:: Problem requirements ::
From the line that contains "3月23日,武漢市青山區(q" down to the final line of the listing below, set down every line exactly, both ends included, and drop the pictures.

(Beginning of Record extracts)

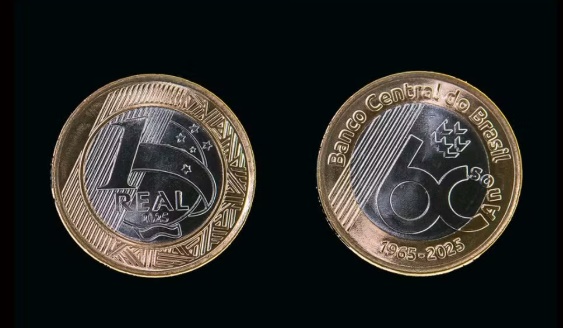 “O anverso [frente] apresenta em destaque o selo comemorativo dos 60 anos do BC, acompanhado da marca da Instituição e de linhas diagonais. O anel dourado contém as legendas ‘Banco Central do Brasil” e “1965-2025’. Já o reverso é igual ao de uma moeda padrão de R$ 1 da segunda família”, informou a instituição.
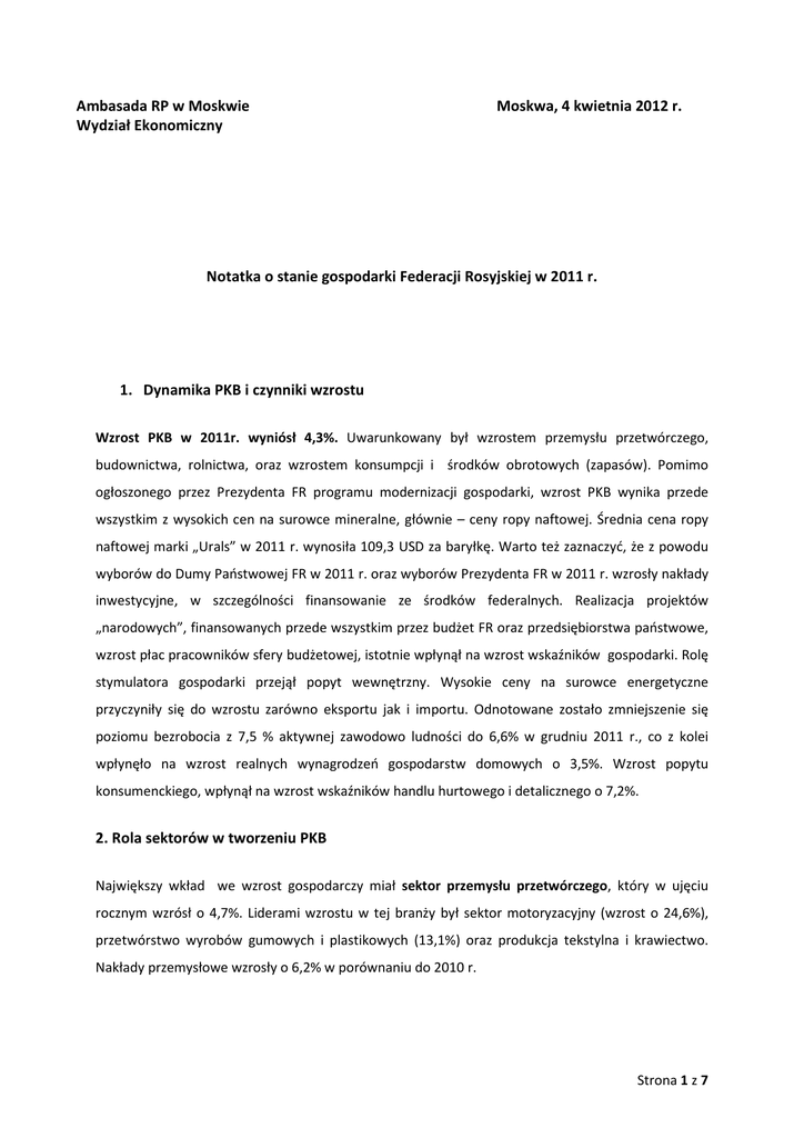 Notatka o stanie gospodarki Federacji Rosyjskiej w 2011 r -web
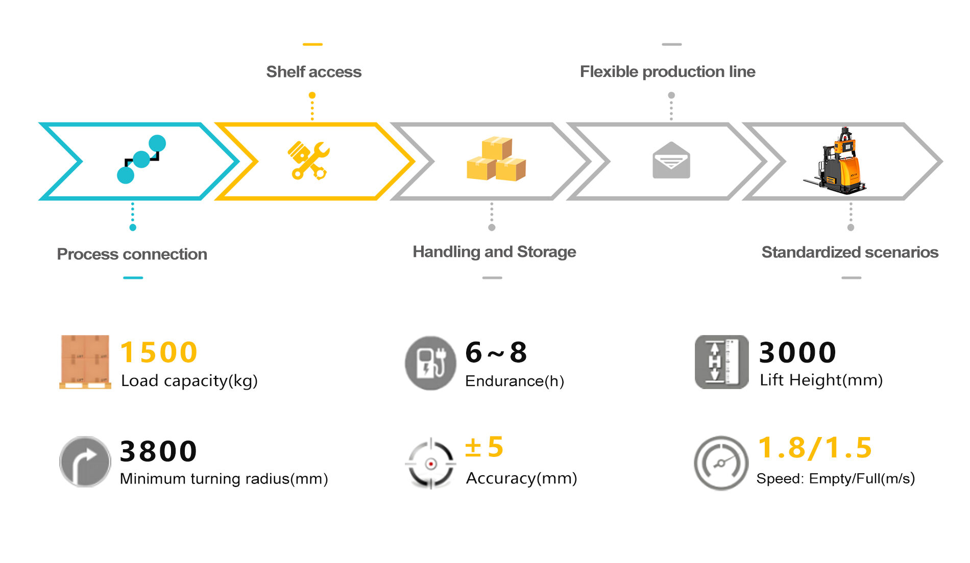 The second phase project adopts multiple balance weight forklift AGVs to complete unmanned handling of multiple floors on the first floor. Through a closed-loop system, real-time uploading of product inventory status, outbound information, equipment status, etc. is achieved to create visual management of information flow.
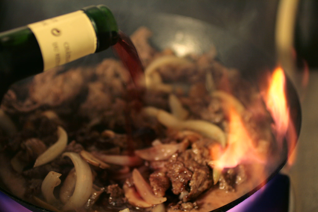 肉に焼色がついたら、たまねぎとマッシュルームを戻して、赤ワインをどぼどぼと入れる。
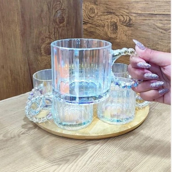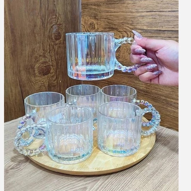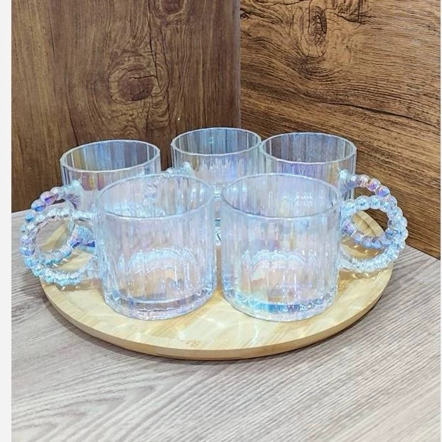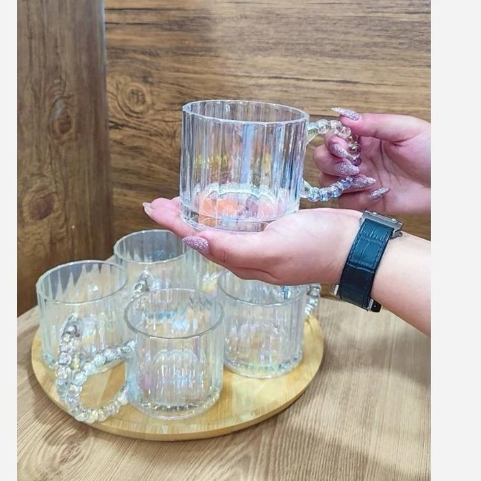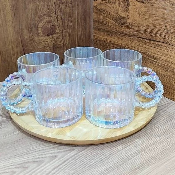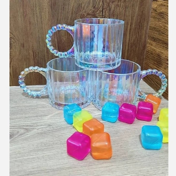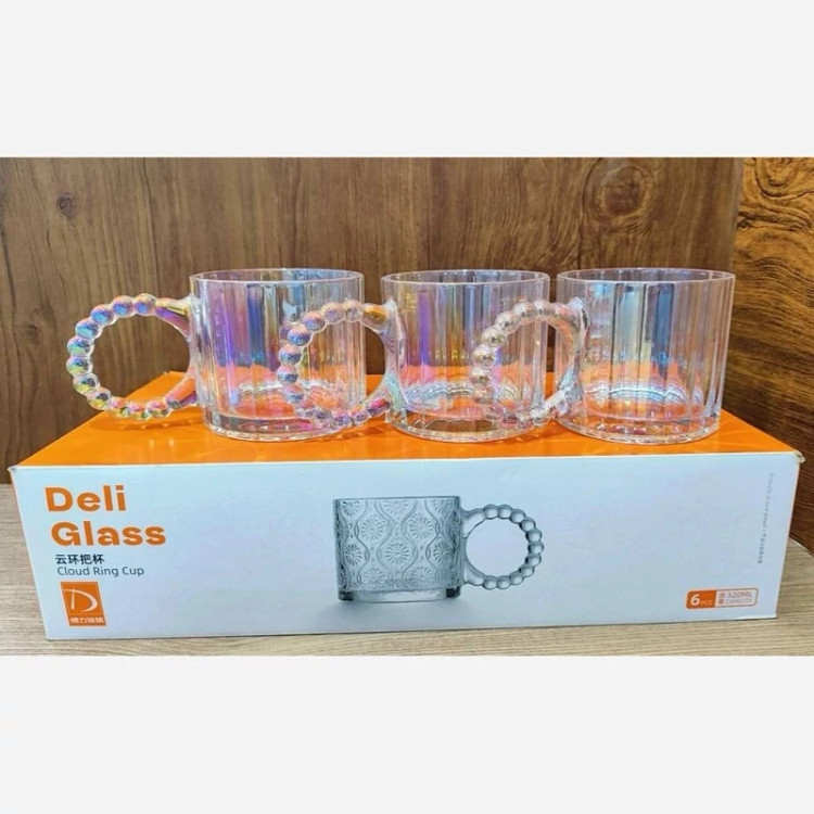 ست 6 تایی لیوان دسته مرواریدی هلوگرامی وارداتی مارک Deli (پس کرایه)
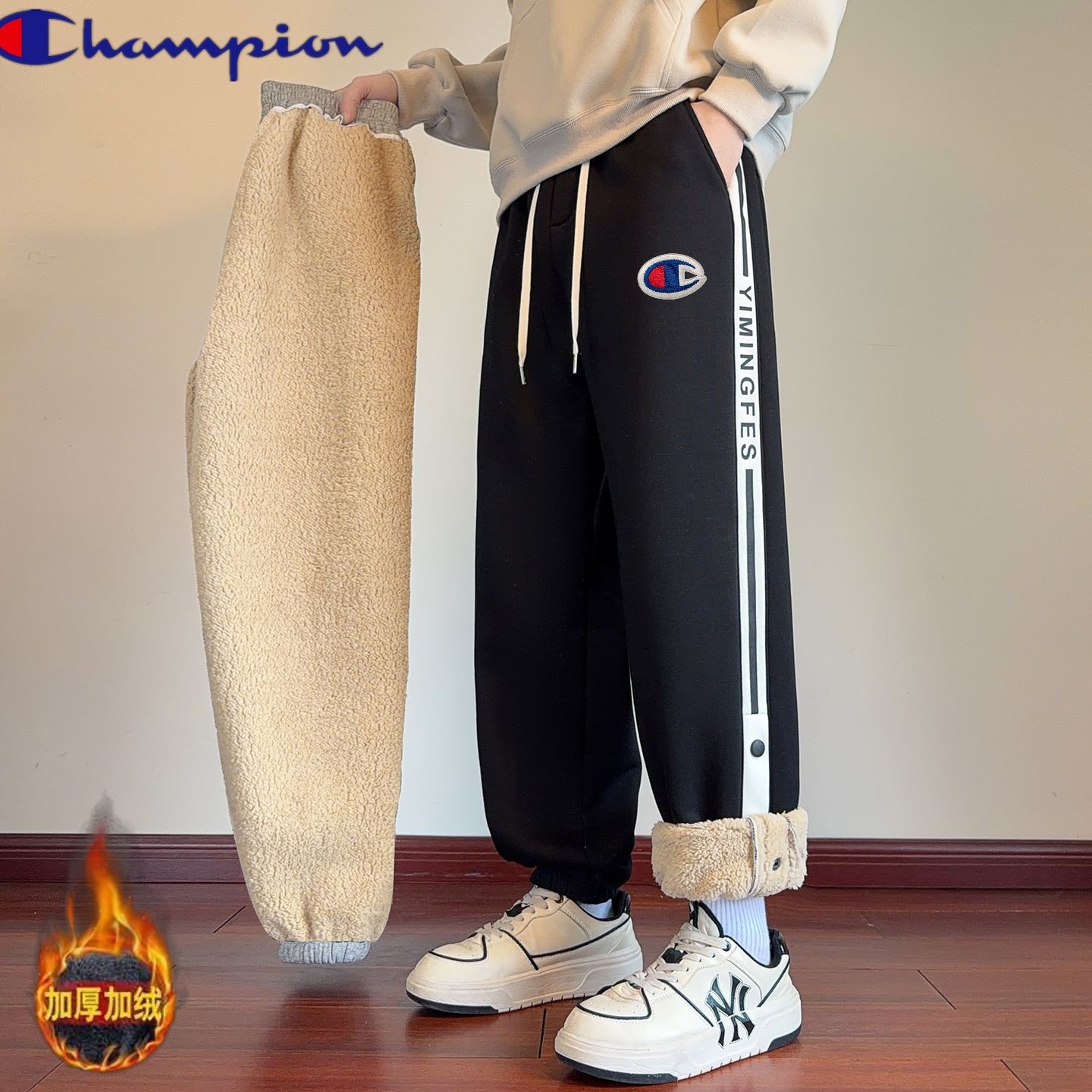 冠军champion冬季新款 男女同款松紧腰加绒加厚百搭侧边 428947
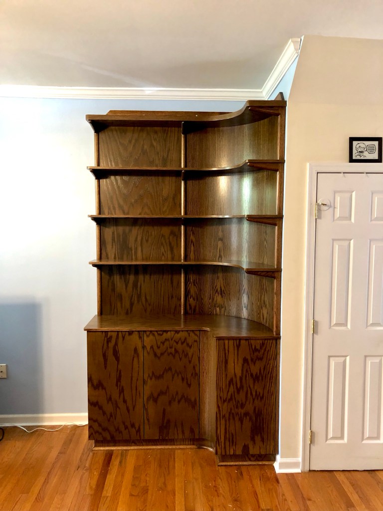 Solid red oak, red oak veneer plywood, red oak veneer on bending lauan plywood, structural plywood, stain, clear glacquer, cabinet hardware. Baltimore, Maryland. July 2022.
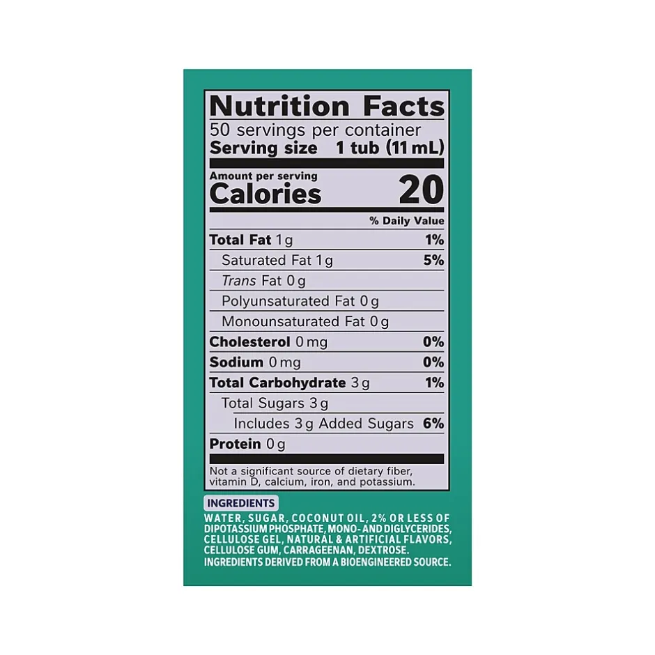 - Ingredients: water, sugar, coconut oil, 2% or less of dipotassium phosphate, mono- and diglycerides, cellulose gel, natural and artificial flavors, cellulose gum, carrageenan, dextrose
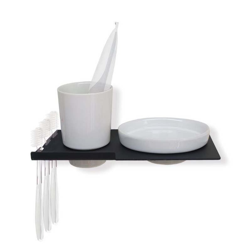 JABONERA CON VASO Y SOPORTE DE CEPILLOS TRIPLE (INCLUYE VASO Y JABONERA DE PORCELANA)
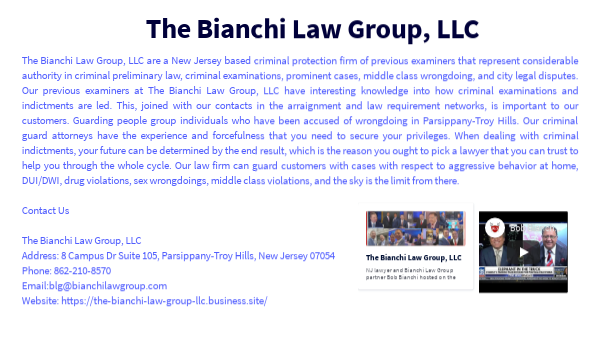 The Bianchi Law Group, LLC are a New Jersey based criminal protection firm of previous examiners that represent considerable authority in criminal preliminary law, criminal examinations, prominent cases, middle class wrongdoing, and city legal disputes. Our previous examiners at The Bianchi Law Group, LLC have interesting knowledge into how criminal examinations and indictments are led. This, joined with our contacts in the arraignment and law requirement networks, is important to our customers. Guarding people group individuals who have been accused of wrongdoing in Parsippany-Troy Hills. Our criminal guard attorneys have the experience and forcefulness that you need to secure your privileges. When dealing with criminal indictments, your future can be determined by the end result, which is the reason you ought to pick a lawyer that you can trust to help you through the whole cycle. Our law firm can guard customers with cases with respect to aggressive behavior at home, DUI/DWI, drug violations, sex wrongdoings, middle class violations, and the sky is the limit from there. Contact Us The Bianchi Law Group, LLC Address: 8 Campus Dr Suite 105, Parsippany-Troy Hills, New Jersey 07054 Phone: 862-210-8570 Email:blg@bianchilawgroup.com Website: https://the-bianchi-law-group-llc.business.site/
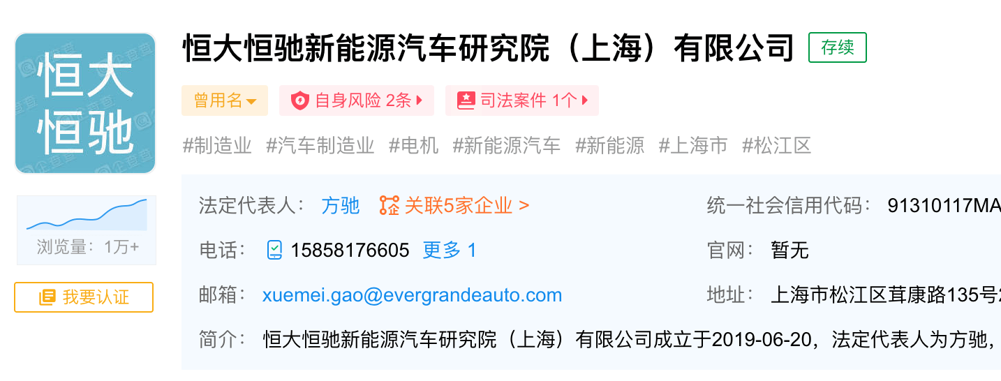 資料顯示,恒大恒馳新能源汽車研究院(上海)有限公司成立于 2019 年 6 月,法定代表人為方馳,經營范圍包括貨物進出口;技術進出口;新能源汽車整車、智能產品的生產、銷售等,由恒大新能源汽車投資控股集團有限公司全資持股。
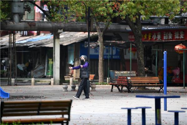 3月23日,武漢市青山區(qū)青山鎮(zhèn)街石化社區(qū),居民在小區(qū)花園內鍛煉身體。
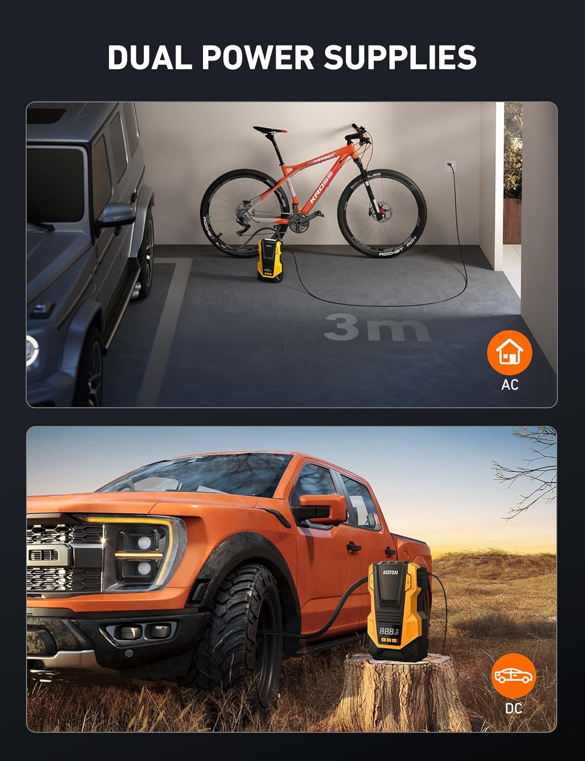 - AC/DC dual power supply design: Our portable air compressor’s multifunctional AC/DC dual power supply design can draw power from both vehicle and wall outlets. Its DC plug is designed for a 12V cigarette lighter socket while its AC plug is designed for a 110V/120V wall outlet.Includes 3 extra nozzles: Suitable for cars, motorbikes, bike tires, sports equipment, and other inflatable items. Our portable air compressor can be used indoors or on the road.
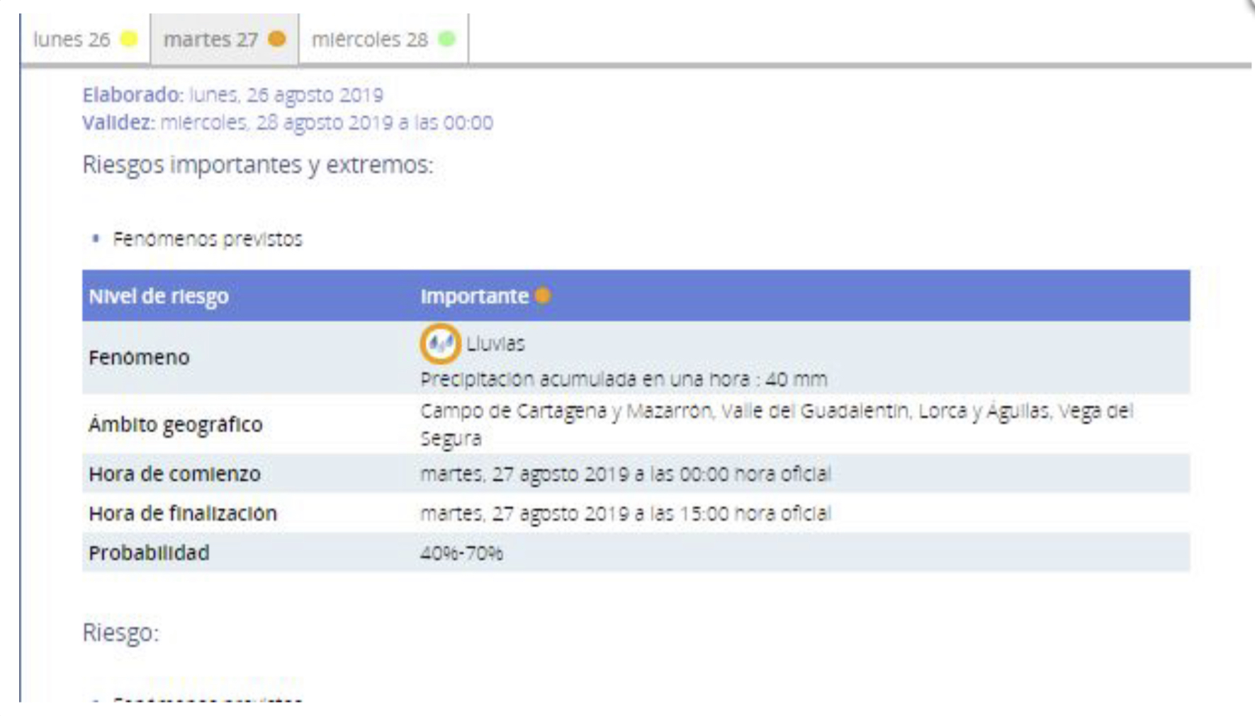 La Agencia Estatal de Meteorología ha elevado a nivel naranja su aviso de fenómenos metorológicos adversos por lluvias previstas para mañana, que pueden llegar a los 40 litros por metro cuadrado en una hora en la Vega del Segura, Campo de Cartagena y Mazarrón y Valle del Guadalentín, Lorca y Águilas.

(End of Record extracts)

:: Exercise answer ::
 3月23日,武漢市青山區(qū)青山鎮(zhèn)街石化社區(qū),居民在小區(qū)花園內鍛煉身體。
 - AC/DC dual power supply design: Our portable air compressor’s multifunctional AC/DC dual power supply design can draw power from both vehicle and wall outlets. Its DC plug is designed for a 12V cigarette lighter socket while its AC plug is designed for a 110V/120V wall outlet.Includes 3 extra nozzles: Suitable for cars, motorbikes, bike tires, sports equipment, and other inflatable items. Our portable air compressor can be used indoors or on the road.
 La Agencia Estatal de Meteorología ha elevado a nivel naranja su aviso de fenómenos metorológicos adversos por lluvias previstas para mañana, que pueden llegar a los 40 litros por metro cuadrado en una hora en la Vega del Segura, Campo de Cartagena y Mazarrón y Valle del Guadalentín, Lorca y Águilas.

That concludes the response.